Question

The end points of the major axis of an ellipse are (2, 4) and (2,-8). If the distance between foci of this ellipse is 4, then the equation of the ellipse is

• A. \(\frac{(x-2)^2}{32}+\frac{(y+2)^2}{36}=1\)
• B. \(\frac{(x-4)^2}{32}+\frac{(y+2)^2}{36}=1\)
• C. \(\frac{(x-2)^2}{36}+\frac{(y+2)^2}{32}=1\)
• D. \(\frac{(x-2)^2}{32}+\frac{(y-4)^2}{36}=1\)
• E. \(\frac{(x-2)^2}{36}+\frac{(y-4)^2}{32}=1\)

Answer 1

The Correct Option is A

The general equation of an ellipse is given by: \[ \frac{(x - h)^2}{a^2} + \frac{(y - k)^2}{b^2} = 1 \] Where $(h, k)$ is the center of the ellipse, $a$ is the semi-major axis, and $b$ is the semi-minor axis.
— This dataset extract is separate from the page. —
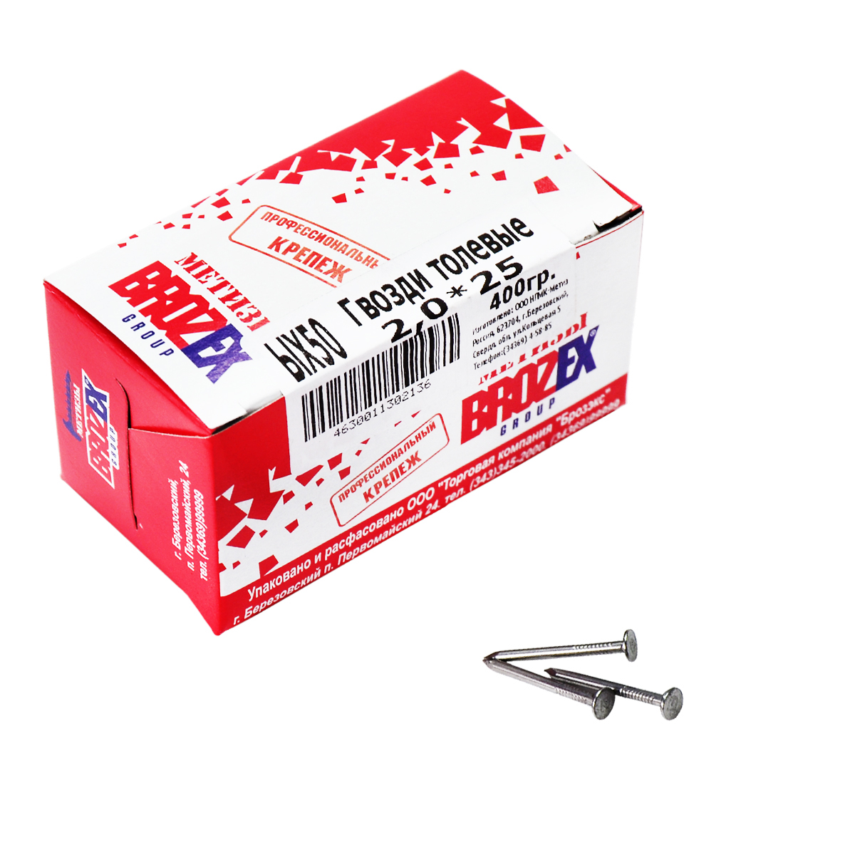 Гвозди толевые 2х25 мм BROZEX, 0.4 кг

The distance between the foci is given by $2c$, and we know that $c^2 = a^2 - b^2$. From the given information, the endpoints of the major axis are $(2, 4)$ and $(2, -3)$. The center of the ellipse is the midpoint of these two points, which is: \[ \left( \frac{2 + 2}{2}, \frac{4 + (-3)}{2} \right) = (2, \frac{1}{2}) \] Thus, the center of the ellipse is at $(2, \frac{1}{2})$. Now, the length of the major axis is the distance between $(2, 4)$ and $(2, -3)$, which is $4 - (-3) = 7$. Therefore, the semi-major axis length is: \[ a = \frac{7}{2} = 3.5 \] Next, we know that the distance between the foci is 4, so: \[ 2c = 4 \quad \Rightarrow \quad c = 2 \] Now, we use the relationship $c^2 = a^2 - b^2$ to find $b^2$. \[ c^2 = a^2 - b^2 \quad \Rightarrow \quad 2^2 = (3.5)^2 - b^2 \quad \Rightarrow \quad 4 = 12.25 - b^2 \quad \Rightarrow \quad b^2 = 8.25 \] Finally, the equation of the ellipse is: \[ \frac{(x - 2)^2}{(3.5)^2} + \frac{(y - \frac{1}{2})^2}{(2.87)^2} = 1 \] Simplifying: \[ \frac{(x - 2)^2}{32} + \frac{(y + 2)^2}{36} = 1 \]

The correct option is (A) : \(\frac{(x-2)^2}{32}+\frac{(y+2)^2}{36}=1\)

Answer 2

The endpoints of the major axis are (2, 4) and (2, -8). The center of the ellipse is the midpoint of the major axis. The midpoint is \(\left(\frac{2+2}{2}, \frac{4+(-8)}{2}\right) = (2, -2)\).

The length of the major axis is the distance between the endpoints, which is \(\sqrt{(2-2)^2 + (4-(-8))^2} = \sqrt{0 + 12^2} = 12\). Therefore, \(2a = 12\), so \(a = 6\).

Since the major axis is vertical, the equation of the ellipse is of the form \(\frac{(x - h)^2}{b^2} + \frac{(y - k)^2}{a^2} = 1\), where (h, k) is the center of the ellipse.

We are given that the distance between the foci is 4, which means \(2c = 4\), so \(c = 2\).

We also know that \(c^2 = a^2 - b^2\), so \(2^2 = 6^2 - b^2\), which means \(4 = 36 - b^2\). Thus, \(b^2 = 36 - 4 = 32\).

Therefore, the equation of the ellipse is \(\frac{(x - 2)^2}{32} + \frac{(y - (-2))^2}{36} = 1\), which simplifies to \(\frac{(x - 2)^2}{32} + \frac{(y + 2)^2}{36} = 1\).